Sollte Zimmermann Queiros einen zweiten Einsatz so schnell nicht zutrauen, könnte Nottbeck neben Robert Voloder in die Innenverteidigung rücken. Ansonsten würde der Routinier wohl für Mathias Olesen auf der Sechs in die erste Elf rutschen.

Castrops Duell mit der Vergangenheit

Für Jens Castrop wird das Duell eine Begegnung mit seiner Vergangenheit. Der 17-Jährige wurde in Düsseldorf geboren und trug bis 2015 das Trikot der Fortuna. Je nach Spielverlauf wird das Toptalent wieder Einsatzminuten erhalten. In den jüngsten drei Partien der U21 wurde Castrop stets in der Schlussphase eingewechselt und sammelte bisher insgesamt 32 Einsatzminuten in der Regionalliga.

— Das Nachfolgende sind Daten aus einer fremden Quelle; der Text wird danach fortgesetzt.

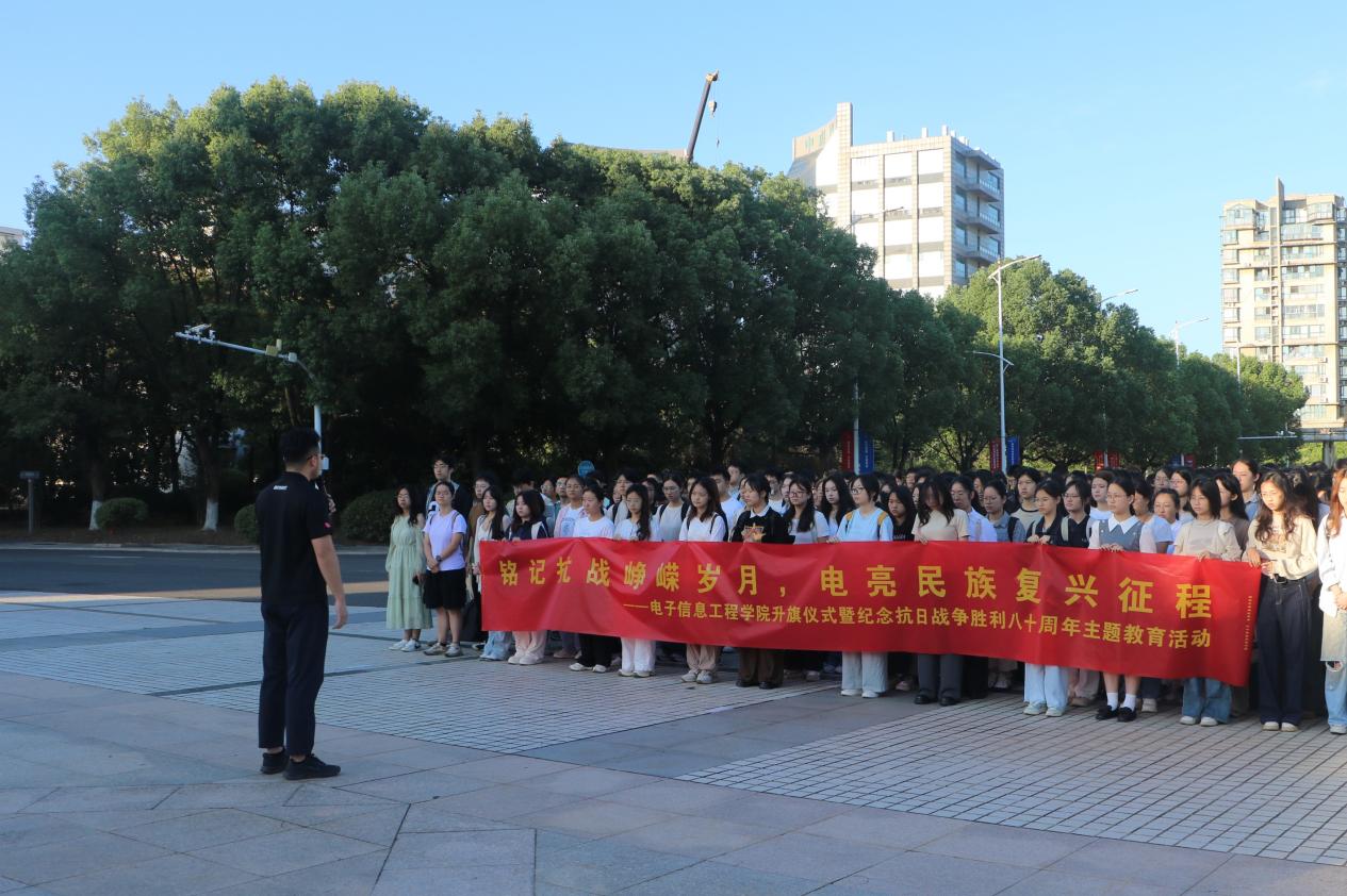 学院辅导员杜欣鹏对本次升旗仪式进行总结。他号召同学们,抗战精神是中华民族宝贵的精神财富,“铭记历史”不仅是缅怀过去,更是为了汲取前进的动力;“电亮征程”需要全体师生以实际行动传承红色基因,点亮电子信息行业发展和科技创新征程。希望同学们能将爱国情、强国志转化为报国行,以青春之我、奋斗之我书写新时代的青春篇章。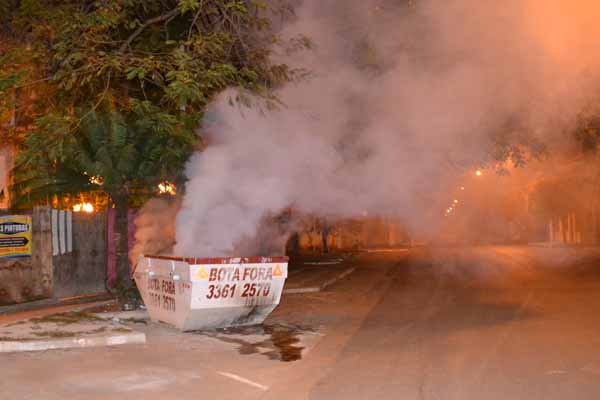 Na madrugada deste sábado, dia 16, por volta da 1h, vândalos atearam fogo em uma caçamba que está localizada na Rua Santos Dumont, e está servindo para o depósito de restos de materiais utilizados na reforma do prédio que abrigará a 2ª Companhia da Polícia Militar.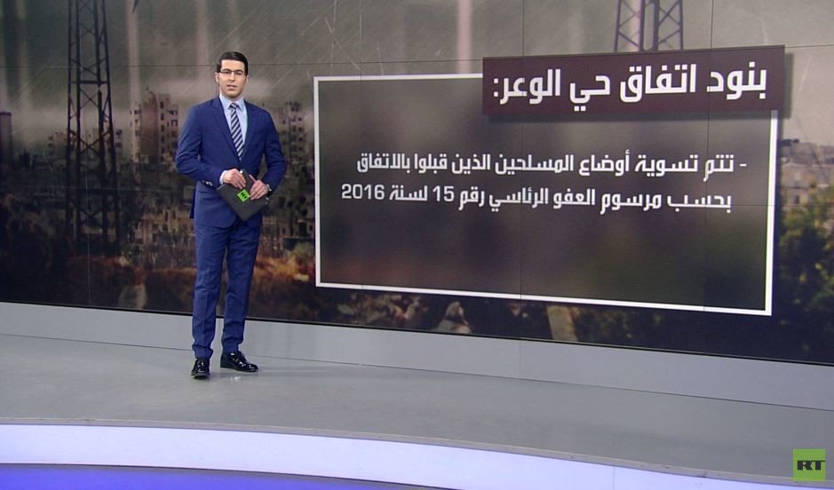 وقع ممثلون عن الحكومة السورية والفصائل المسلحة اتفاقا يقضي بخروج المسلحين وأسرهم من حي الوعر في حمص إلى مناطق في الشمال السوري خلال الأسابيع المقبلة، وتسوية أوضاع من يرغب بالبقاء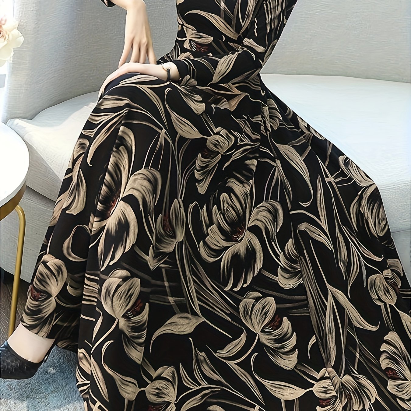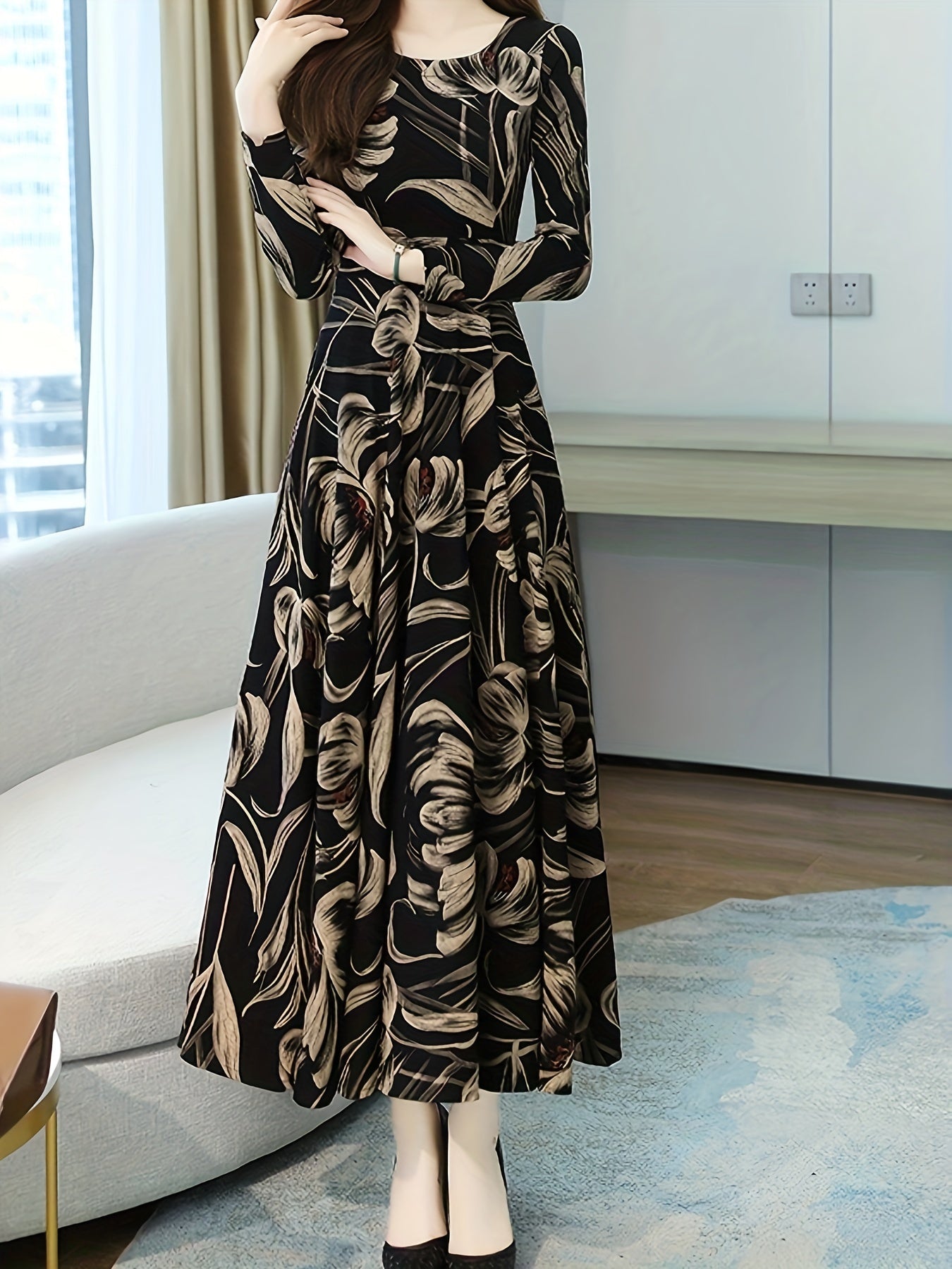 Bahor/Yoz mavsumi uchun belni ingichkalashtiruvchi va cho'ntaklari bo'lgan gullar bilan bezatilgan uzun yengli ko'ylak.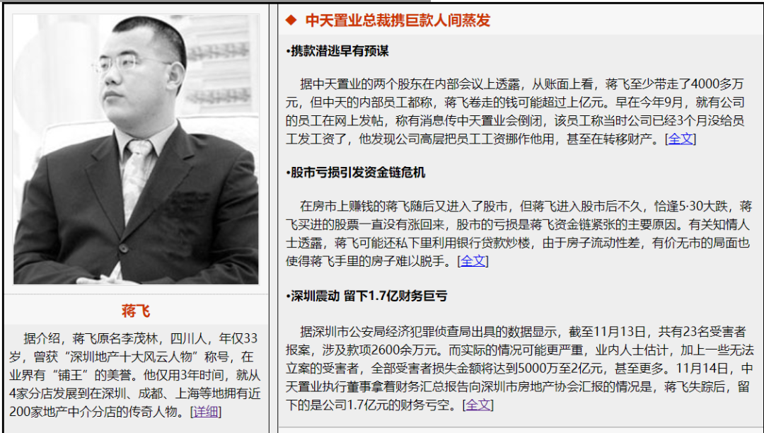 蒋飞最后倒在了“金融创新”上,2008年金融危机导致珠三角房地产市场突然低迷,蒋飞资金链断裂,拥有深圳、上海136家门店的中天置业,最后资金链断裂一夜崩盘,疑似卷款1.7亿潜逃。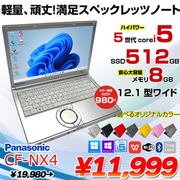 【中古パソコン】Panasonic CF-NX4 中古 レッツノート 選べるカラー+980円 Office Win10 or Win11 第5世代[Core i5 5300U 8GB SSD512GB 無線 12.1型 ] :アウトレット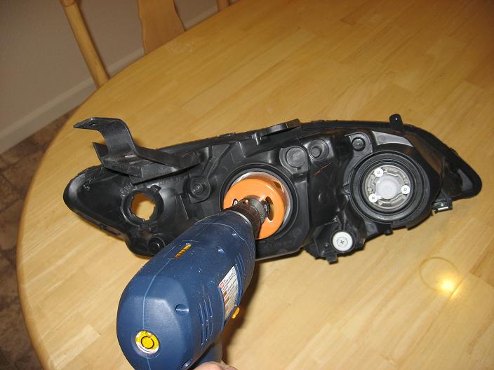 -Used a 2 3/4 inch drill bit to drill out center of the reflector. 3 inch bit was a little too big to fit the outer section of the headlight assembly. The 2 3/4 was a little smaller but not much. It was pretty easy to have the hole centered.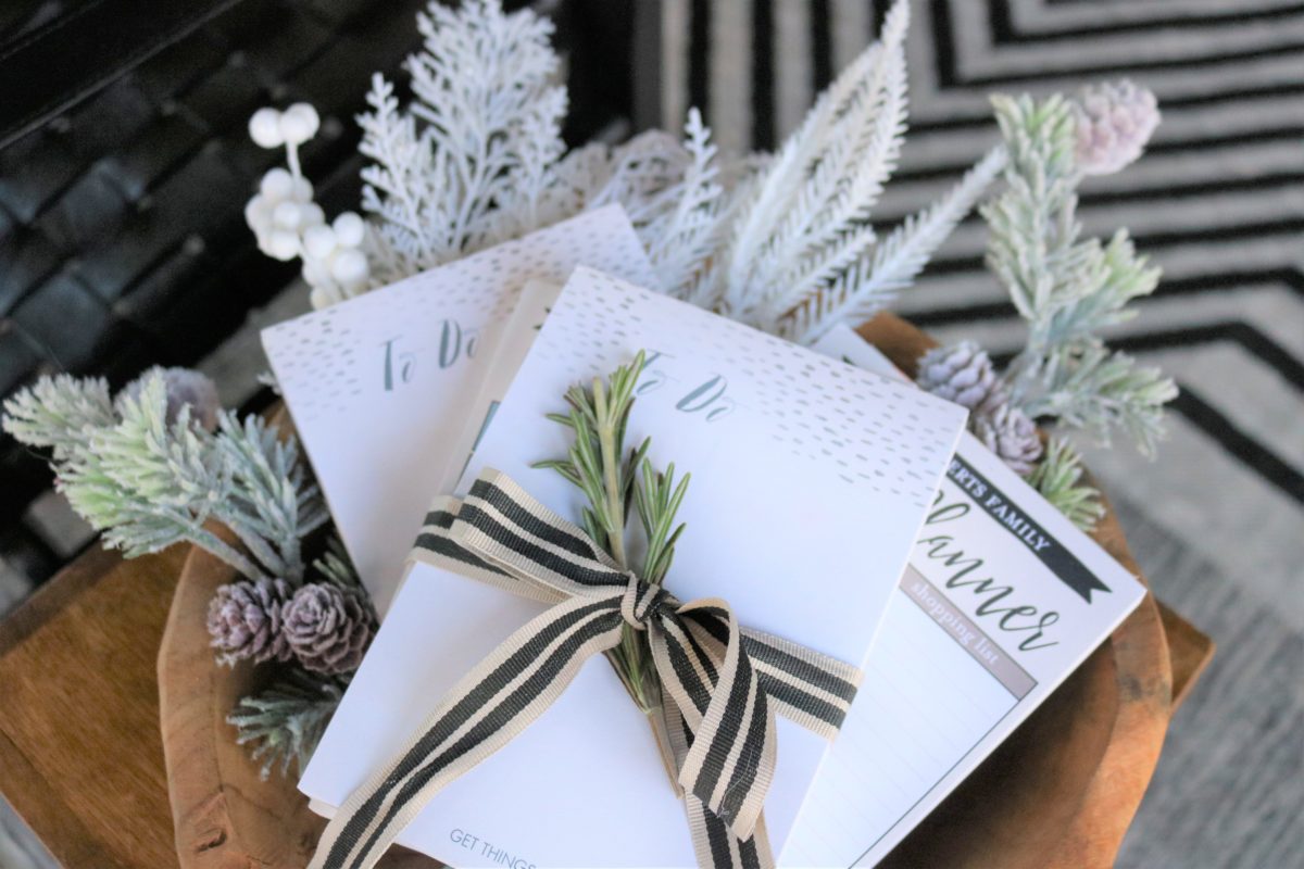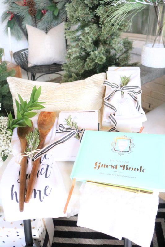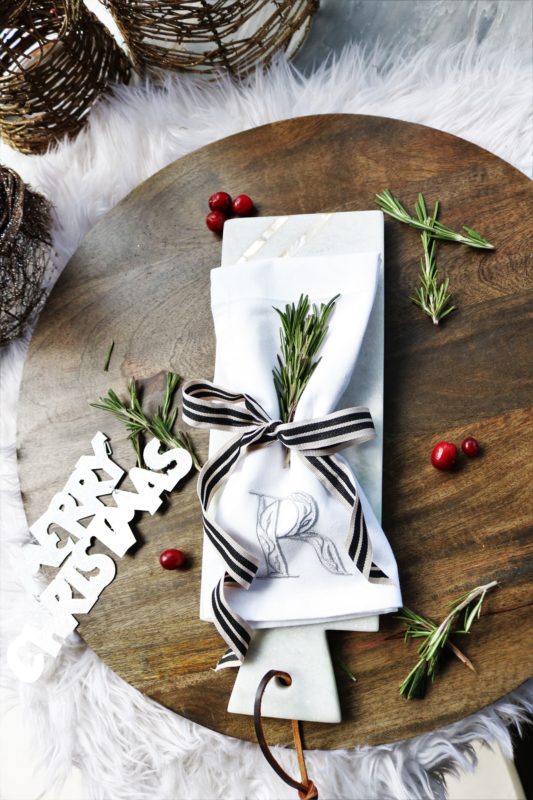 Last but certainly not least, it’s all about the presentation, right? Whether you are giving a bottle of wine, candle, or a vase full of the hostess’ favorite flowers, don’t forget to put the finishing touch making it unique by how you wrap it. It doesn’t have to be overly elaborate. While a gift basket may be my signature gift-giving style, this season, I have opted for a more organic approach using simple springs of rosemary and the classic black and white ribbon, classic and timeless. Don’t forget to add a little note to the host!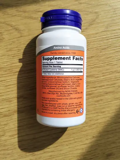 NAC (N-ацетил-цистеин) – 60 таблеток по 1000 мг Новая, запечатанная упаковка, доставлена с iHerb, срок годности до 2028 года. Одна из наиболее многообещающих добавок против старения с очень широким перечнем положительных эффектов: – улучшает настроение и работу мозга (за счёт регуляции уровней глутамата и глутатиона), – снижает уровень хронического воспаления (в том числе за счёт снижения уровня гомоцистеина в крови), – повышает фертильность, – облегчает симптомы хронических болезней лёгких, – облегчает синдром отмены при отказе от курения и иных вредных привычек. 🏷 60 лари

Mit einem Erfolg am Flinger Broich könnte der FC in der Tabelle bis auf einen Zähler an die Fortuna heranrücken und sich wieder im oberen Drittel festbeißen. Im Hinspiel Ende September, das noch vor Zuschauern ausgetragen werden durfte und 280 Besucher anlockte, trennten sich beide Teams torlos 0:0. Ein Unentschieden im Rückspiel bei der Fortuna, die vor zwei Wochen mit einem 3:0-Heimerfolg gegen RW Essen für Aufsehen sorgte, würde Mark Zimmermann sicher auch jetzt im Vorfeld unterschreiben.